Top of EXTRACTED INFORMATION

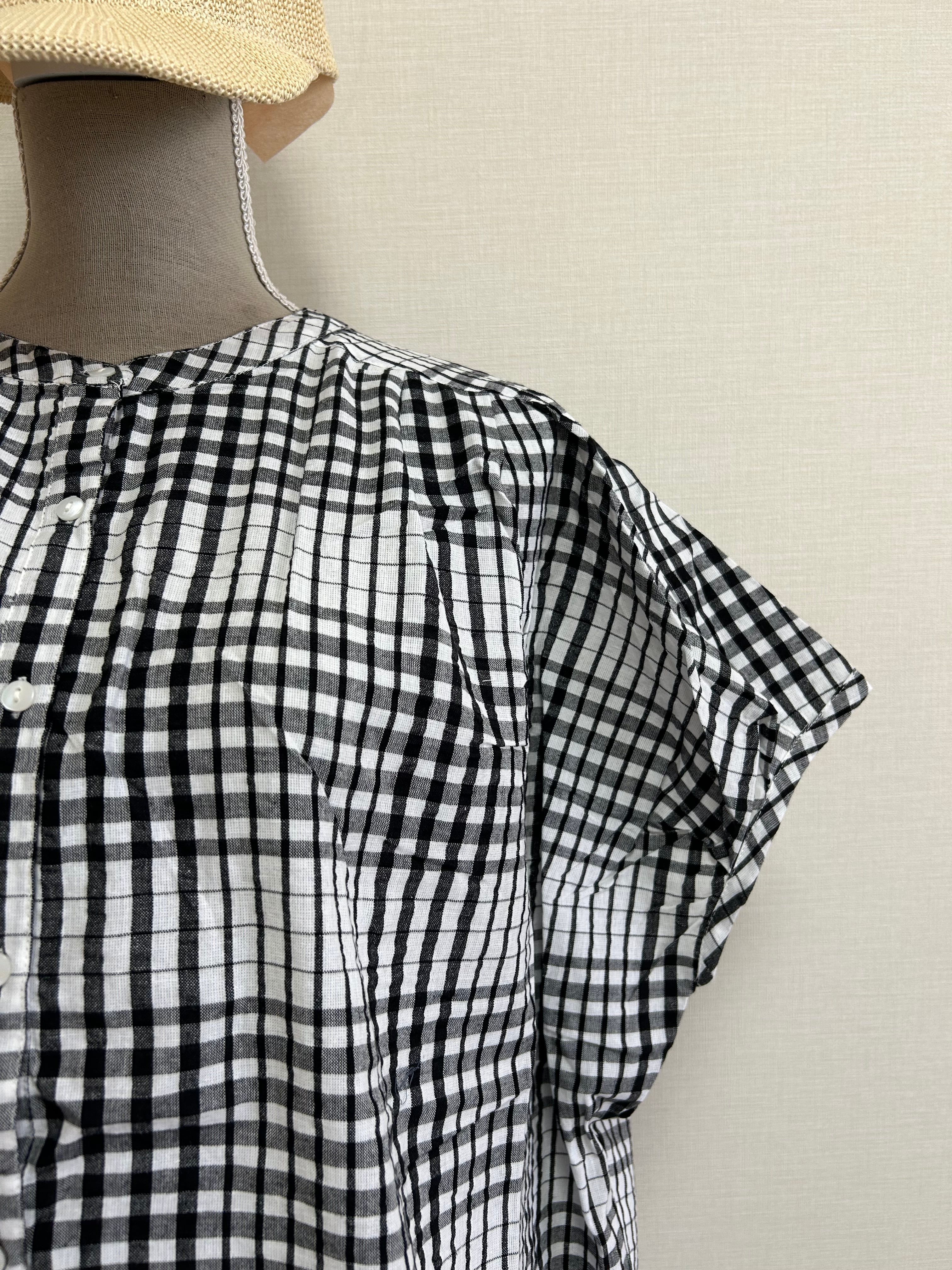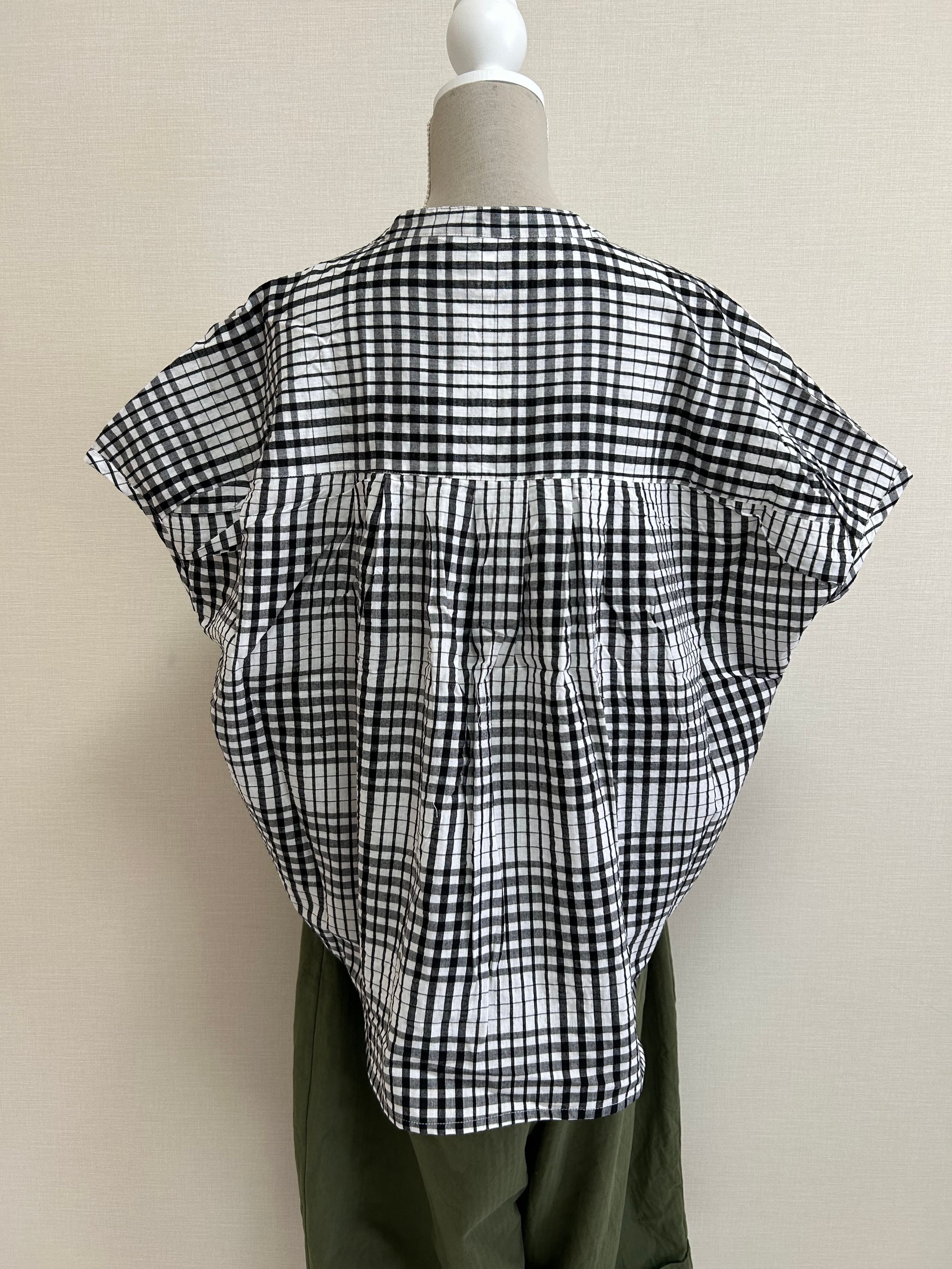 インド綿 / シアサッカー / バックタック / ドルマンスリーブ / ビッグシルエット / 涼しいトップス / 夏コーデ / ナチュラル服 / 体型カバー / 着映えブラウス / ストライプ / チェック / レディースブラウス / 軽い素材 / 綿100%
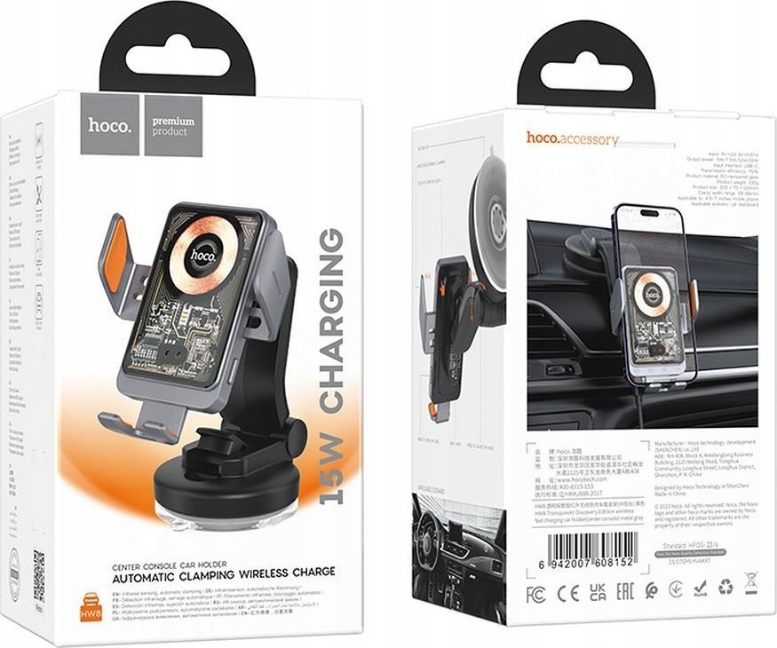 Hoco HOCO uchwyt samochodowy indukcyjny do szyby / deski 15W HW8 czarny
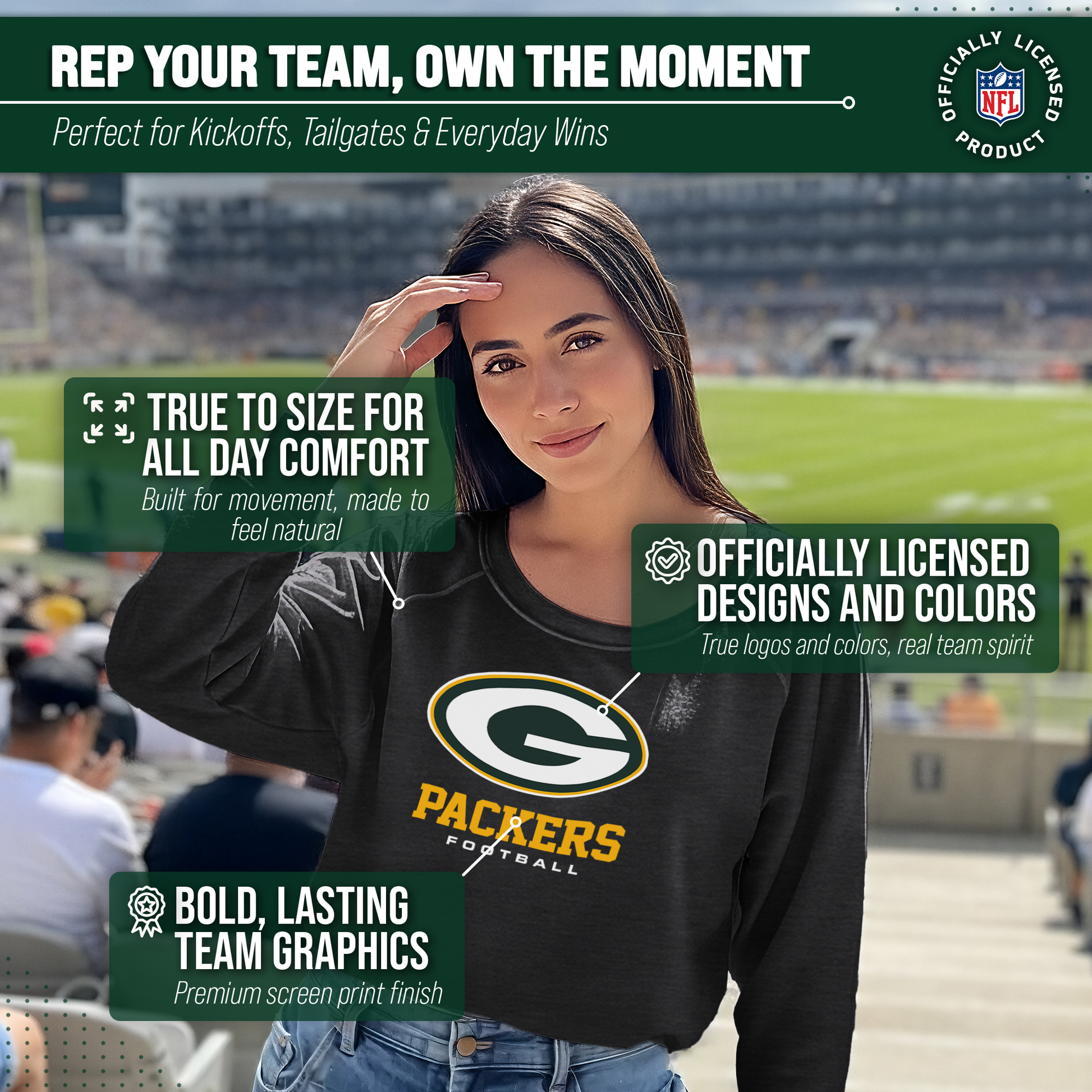 Green Bay Packers Women's NFL Ultimate Fan Logo Slouchy Crewneck -Tagless Fleece Lightweight Pullover - Charcoal
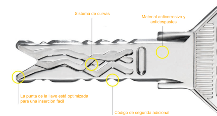 Dispone de una tecnología patentada con llave de regatas curvadas y cilindro de pitones sin muelles, por lo que no requiere mantenimiento y con máxima suavidad de entrada de llave.
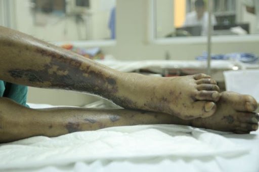 Khi nhiễm khuẩn huyết, ngoài các triệu chứng như sốt cao, đau đầu, ù tai, bệnh nhân sẽ có dấu hiệu xuất huyết dưới nhiều dạng khác nhau (xuất huyết dưới da từng mảng, đôi khi gây hoại tử, xuất huyết tiêu hóa).
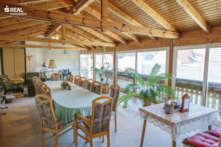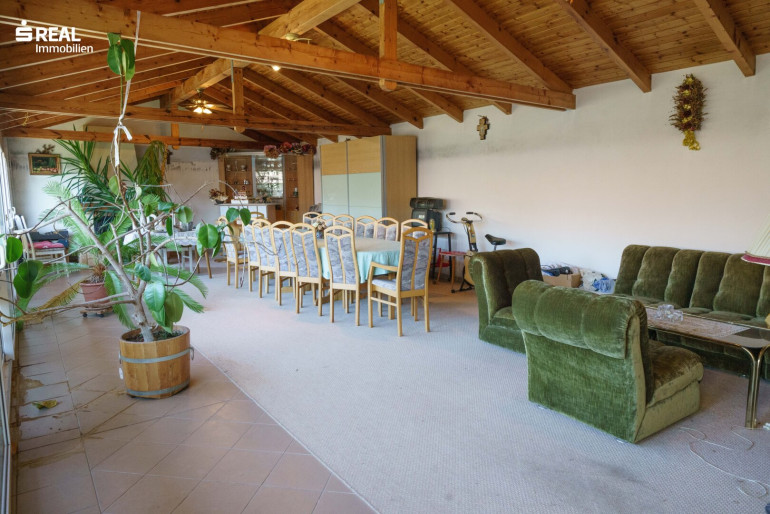 Dieses große Gebäude aus dem Jahre 1962 war früher ein Bauernhof (Schuppen allerdings aus dem Jahre 1930) mit Schankbetrieb im Keller (100m²) und wurde 1990 durch einen Zubau mit 60m² Partyraum erweitert, da immer wieder große Veranstaltungen stattgefunden haben. Mit 38cm dicken Ziegelwänden außen und 25cm bis 12cm Ziegelwänden innen, ist das Gebäude sehr massiv gebaut worden und befindet sich in einer ruhigen Straße, nach Südosten an der Front und Nordwesten innenhofseitig ausgerichtet.
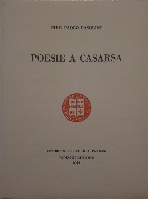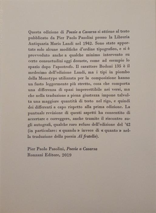 EDZPasolini, Pier Paolo. Poesie a Casarsa. [Ed. tipografica]. [Casarsa della Delizia]: Centro studi Pier Paolo Pasolini; [Monticello Conte Otto]: Ronzani, 2019, (Milano: Tipografia Campi Monotype 1898, 18 gennaio 2019). 42 p., 20 cm.
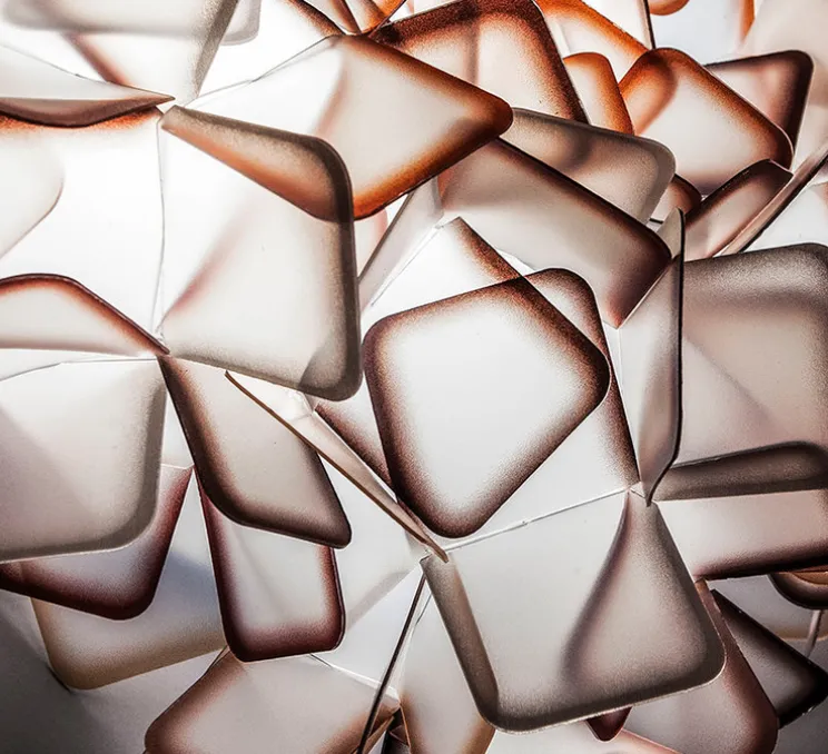 Clizia L orange reprend les formes de la nature : c’est un nuage qui capture la lumière du soleil aux premières heures du jour et qui se charge de reflets chatoyants, c’est la cime d’un arbre à travers laquelle filtre la lune en créant des jeux d’ombres. Clizia donne à votre environnement la lueur romantique des premières heures de l’aube. Avec sa forme peu commune Clizia s’intègre dans une chambre, un salon ou un bureau.
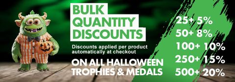 Make your Halloween event truly unforgettable with our exclusive Halloween trophies. With free engraving, free logo inserts, and an ever-evolving range of spooky and spectacular designs, these trophies are a real treat (no tricks!). Click 'Add to Cart' now and crown your creepy champions in style!
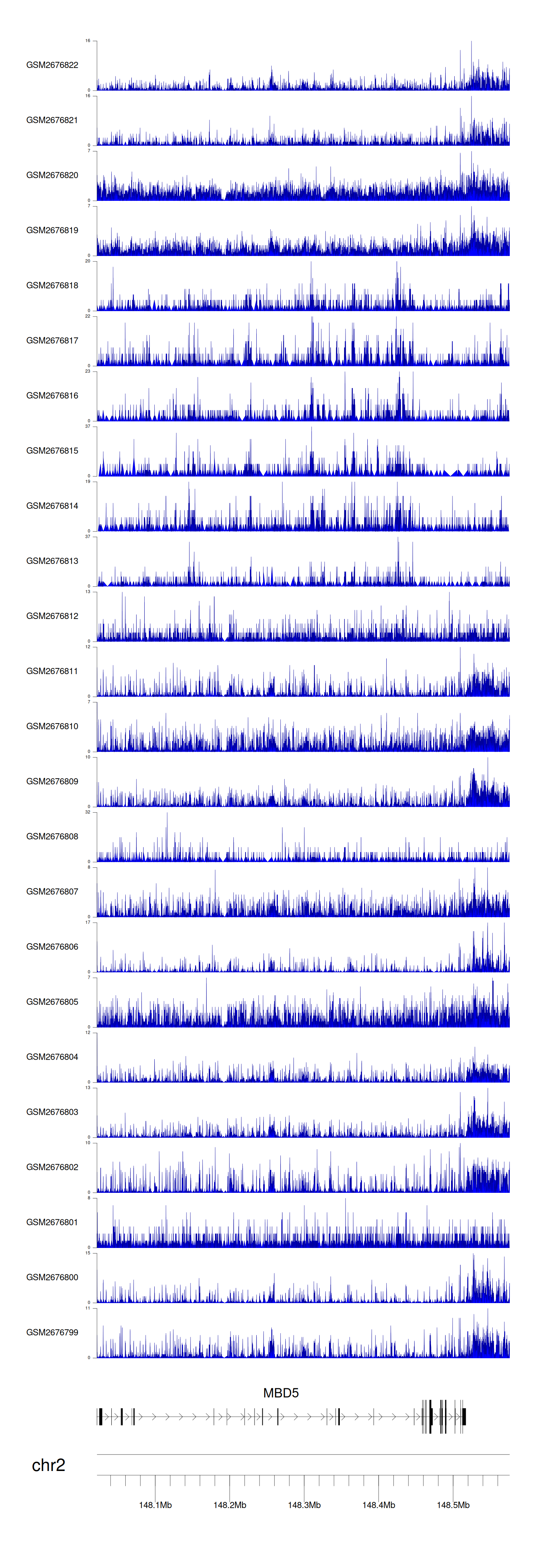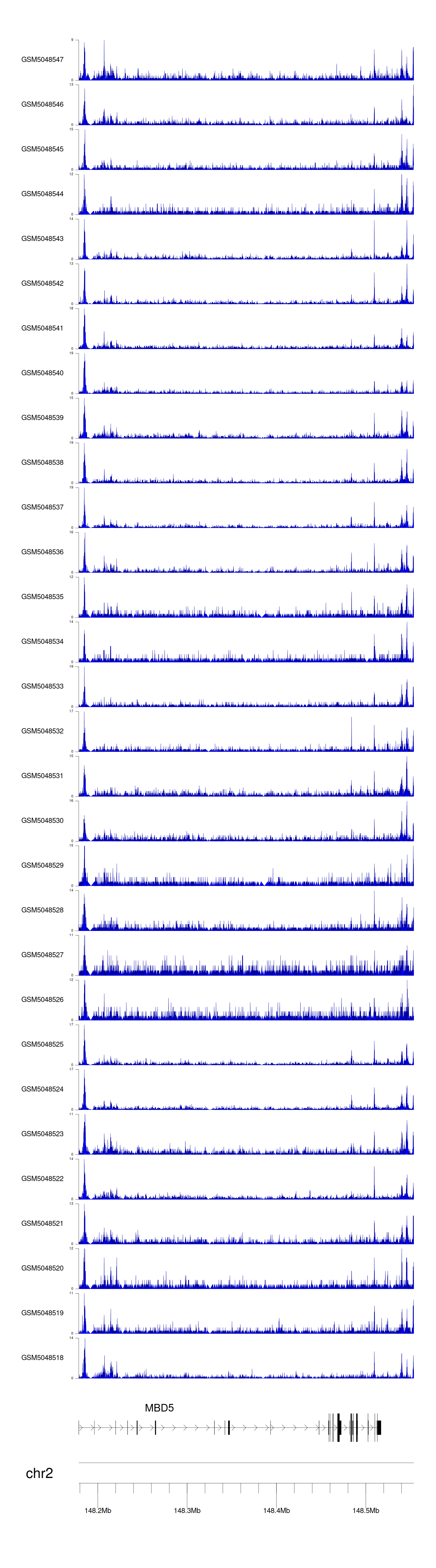 > Dataset: GSE165703 - MBD5 peak across samples
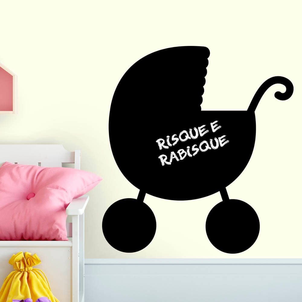 Este modelo, Adesivo de Parede Lousa Carrinho de Bebê, pode ser usado em praticamente qualquer superfície lisa, pode ser utilizado para decorar quarto infantil, sala, sala de estar, sala de tv, cozinha, hall de entrada, quarto de casal, bar, espaço gourmet, cabeceira de cama, escritório, banheiro, box de banheiro, etc...
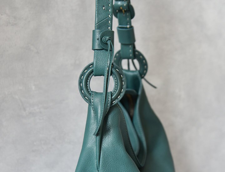 長くどんなシーンでも使いやすいように本体は1枚革でシンプルに仕上げた一方で、細部には職人の手仕事をふんだんに取り入れています。ムースは特に、通常あまり目を留めることがないショルダー部分に注目していただけたらと思います。

Bottom of EXTRACTED INFORMATION

From the data above, return exactly the lines from the one with "Green Bay Packers" up to and including the one with "Khi nhiễm khuẩn". Pictures do not go in the copy.

 Green Bay Packers Women's NFL Ultimate Fan Logo Slouchy Crewneck -Tagless Fleece Lightweight Pullover - Charcoal
 Dispone de una tecnología patentada con llave de regatas curvadas y cilindro de pitones sin muelles, por lo que no requiere mantenimiento y con máxima suavidad de entrada de llave.
 Khi nhiễm khuẩn huyết, ngoài các triệu chứng như sốt cao, đau đầu, ù tai, bệnh nhân sẽ có dấu hiệu xuất huyết dưới nhiều dạng khác nhau (xuất huyết dưới da từng mảng, đôi khi gây hoại tử, xuất huyết tiêu hóa).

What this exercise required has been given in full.